Uncertainty-Aware Multimodal Learning via Conformal Shapley Intervals
Mathew Chandy, Michael Johnson, Judong Shen, Devan V. Mehrotra, Hua Zhou, Jin Zhou, Xiaowu Dai

TL;DR
This paper introduces conformal Shapley intervals, a method combining Shapley values and conformal inference to quantify uncertainty in multimodal data importance, enabling reliable modality selection with strong performance guarantees.
Contribution
It presents a novel framework for uncertainty-aware modality importance estimation and a provably optimal modality selection procedure in multimodal learning.
Findings
Effective uncertainty quantification for modalities.
Strong predictive performance with few modalities.
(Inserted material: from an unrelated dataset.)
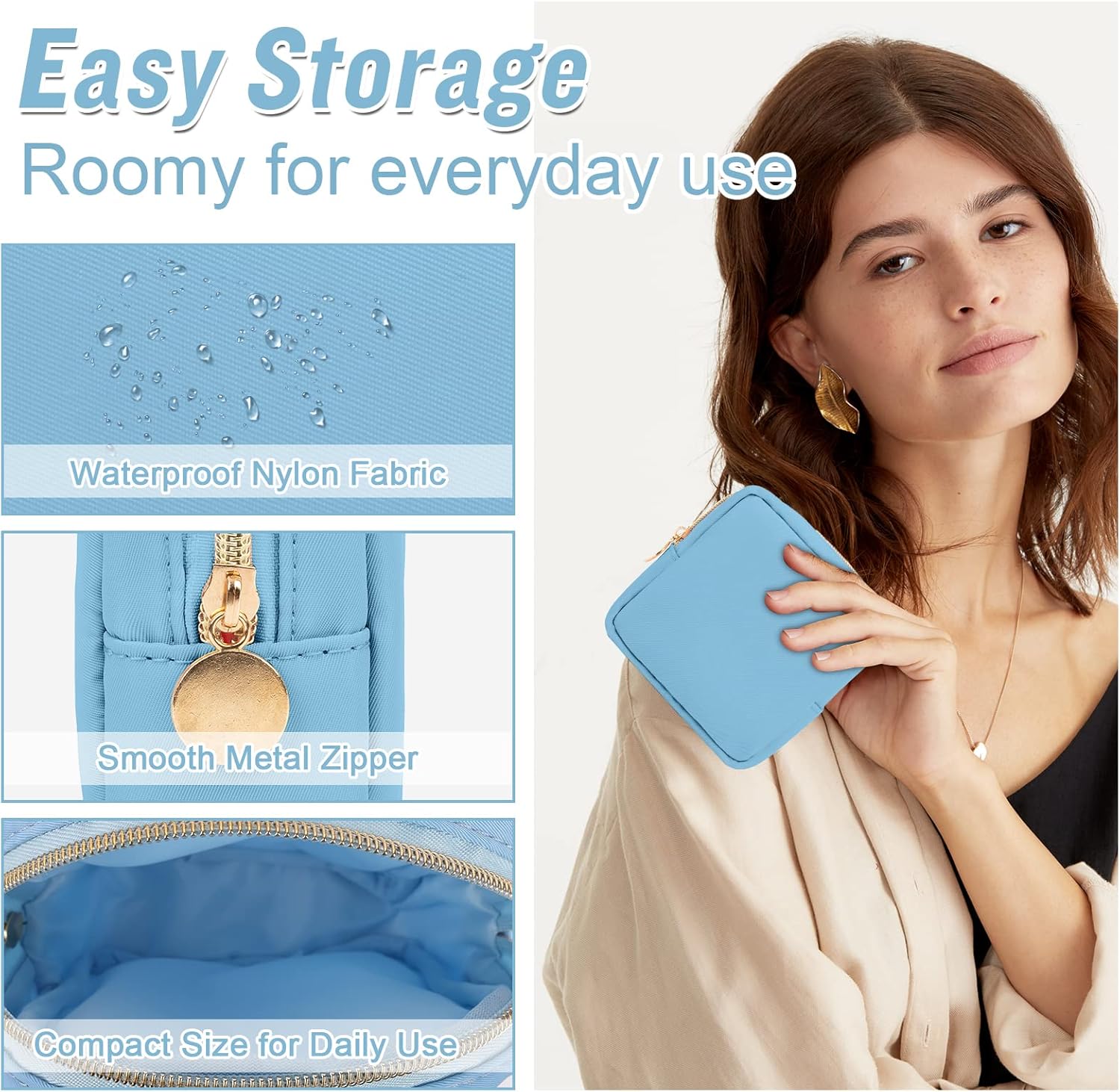 - ❤【Multiple Sizes & Colors】Large, Small, Mini, or Slim, we have it all! Cosmetic bags are available in many colors: Hot Pink, Beige, Black, Blue, Pink and other colors for you to choose. Nylon makeup bag for purse can be used for travel, outdoors and organization, it can be used as a purse bag, travel pouch, clutch, makeup organizer and more.

Provable guarantees for modality subset selection.
Abstract
Multimodal learning combines information from multiple data modalities to improve predictive performance. However, modalities often contribute unequally and in a data dependent way, making it unclear which data modalities are genuinely informative and to what extent their contributions can be trusted. Quantifying modality level importance together with uncertainty is therefore central to interpretable and reliable multimodal learning. We introduce conformal Shapley intervals, a framework that combines Shapley values with conformal inference to construct uncertainty-aware importance intervals for each modality. Building on these intervals, we propose a modality selection procedure with a provable optimality guarantee: conditional on the observed features, the selected subset of modalities achieves performance close to that of the optimal subset. We demonstrate the effectiveness of our…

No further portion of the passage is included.